* _INSTRUCTIONS TO FOLLOW_
The listing below has to be output exactly as given, less its pictures.

* _DATASET CONTENT_
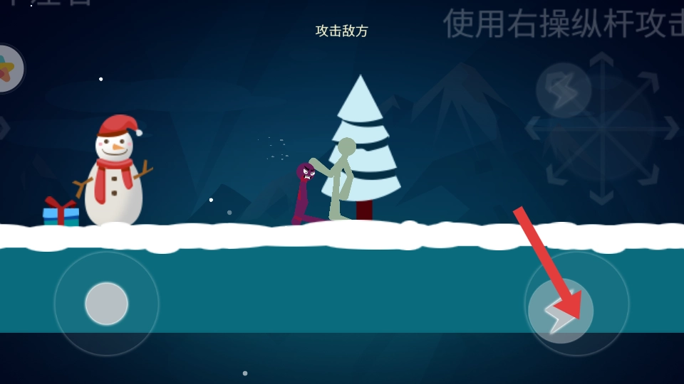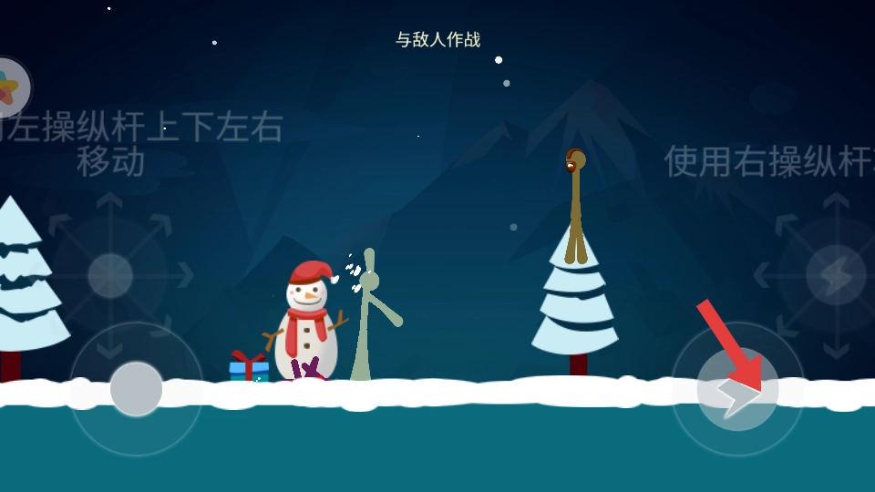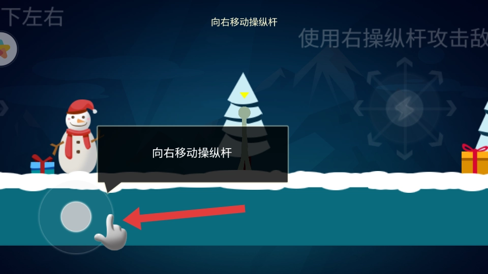 1、开场按提示,向右滑动左侧操纵杆,控制角色移动,让角色熟悉雪地场景的移动操作,为后续战斗做准备。
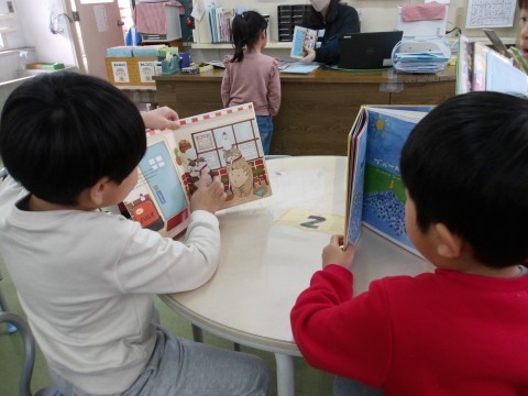 夢中になって絵本を読んでいました。
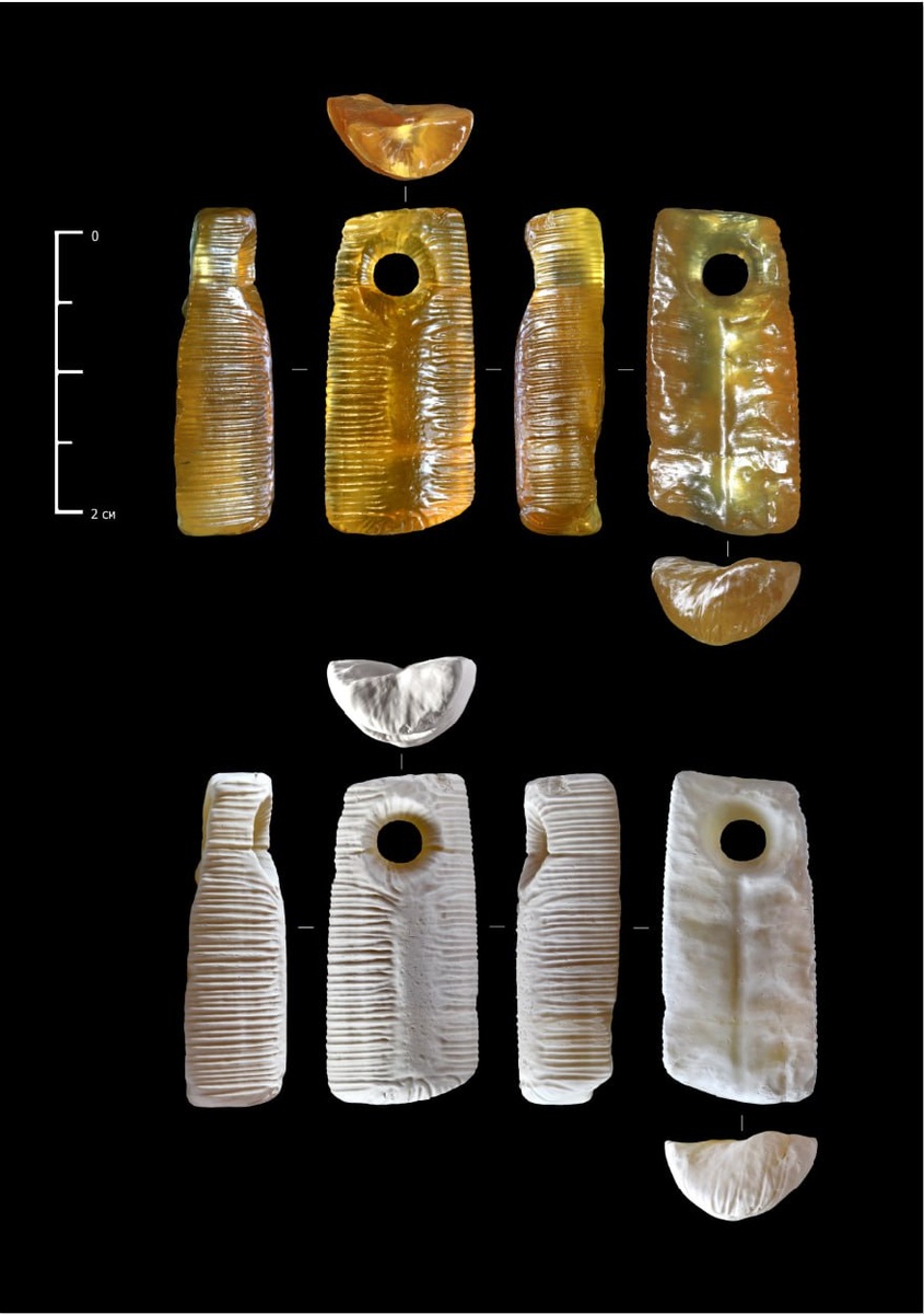 1950-е: Первые улики В Костенках, на стоянке Спицына, археологи находят древние просверленные украшения из зубов песца, камешков и четыре — из ростров белемнитов, окаменелых моллюсков мелового периода. Две подвески выделяются: их поверхность покрыта загадочными ребрами и неестественно блестит. Учёные пишут о «совершенной технике сверления», но про странный «орнамент» — ни слова. Первый след теряется. 1970–1980-е: Ложный путь Новое поколение исследователей принимает ребристую текстуру как факт и пытается разгадать: как древние мастера добились такого эффекта? Эксперименты с кислотным травлением дают блеск, но е стабильно и не повторяют загадочные бороздки. Ответа нет — только догадки. 1990–2020-е: Ошибка закрепляется В научных статьях ребра на белемнитах называют преднамеренными нарезками — мол, палеолитические ювелиры подчёркивали структуру камня. В 2016 и в 2022 выходят статьи, где гипотеза уже звучит убедительно, археологи установили последовательность событий в древности при помощ

* _WRITTEN RESPONSE_
 1、开场按提示,向右滑动左侧操纵杆,控制角色移动,让角色熟悉雪地场景的移动操作,为后续战斗做准备。
 夢中になって絵本を読んでいました。
 1950-е: Первые улики В Костенках, на стоянке Спицына, археологи находят древние просверленные украшения из зубов песца, камешков и четыре — из ростров белемнитов, окаменелых моллюсков мелового периода. Две подвески выделяются: их поверхность покрыта загадочными ребрами и неестественно блестит. Учёные пишут о «совершенной технике сверления», но про странный «орнамент» — ни слова. Первый след теряется. 1970–1980-е: Ложный путь Новое поколение исследователей принимает ребристую текстуру как факт и пытается разгадать: как древние мастера добились такого эффекта? Эксперименты с кислотным травлением дают блеск, но е стабильно и не повторяют загадочные бороздки. Ответа нет — только догадки. 1990–2020-е: Ошибка закрепляется В научных статьях ребра на белемнитах называют преднамеренными нарезками — мол, палеолитические ювелиры подчёркивали структуру камня. В 2016 и в 2022 выходят статьи, где гипотеза уже звучит убедительно, археологи установили последовательность событий в древности при помощ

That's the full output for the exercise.